Junot shrugged and smiled. “I guess,” he said as he walked back down the hall toward the church basement.
The baby’s eyes bulged a little and he spit up a few drops of curdled milk.
“Oh dear,” Walter said, passing him back to Mary and using a Kleenex to wipe off his black pants.
She heard pounding footsteps on the basement stairs, and Junot ran into the office. He was holding the baby Jesus. The plastic baby was no bigger then a football. His legs, arms and head were peach. He had blue eyes, blond hair and wore a tiny white toga. Junot held Jesus up to Walter’s face. “FUCK YOU” was written on the infant’s forehead in black Magic Marker.

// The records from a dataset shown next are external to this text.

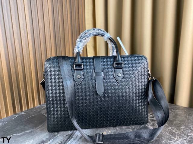Bv 经典编织公文包 简洁设计风格,编织是 Bv Logo性的标识,轮廓清晰,功能设计合理,空间大,配有可拆卸可调节肩带,稳重不失时尚感,低调、奢华,非常适合商务男士或者喜欢低调款的人士! 尺寸:39.5*28
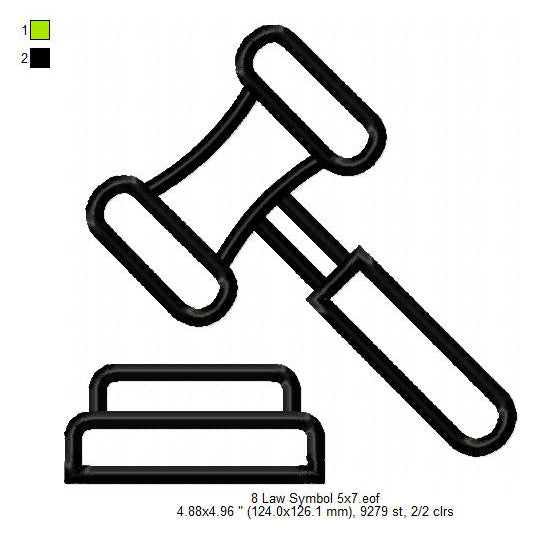 Judge Gavel Law Symbol Shadow Silhouette Machine Embroidery Digitized Design Files
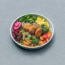 Falafel, Broccoli, Kale, Spiced Chickpeas, Quinoa, Dukkah, Dried Cranberries, Corn Kernels, Beets Miso Hummus, Cherry Tomatoes, Carrot Sesame Dressing
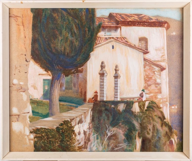 *Hugh Gresty (British, 1899-1958) - View in Italy with a costal villa - Watercolour - 50 x 60cm - Signed lower left

On the subway ride back home Mary tried to pray. Lord Jesus, have mercy on me, but her words were overwhelmed with the Desitin Ointment she needed to buy for the baby’s rash, the ear thermometer, that weird thing her husband had said about the French actress’s ass. Over her head was a placard poem about how numbers repeated rapaciously into infinity, how apples never lie, how the body at best is a transitory vehicle. A few seats down, a pale man wearing an aviator’s cap began to cough, his hack like syrup at rapid boil.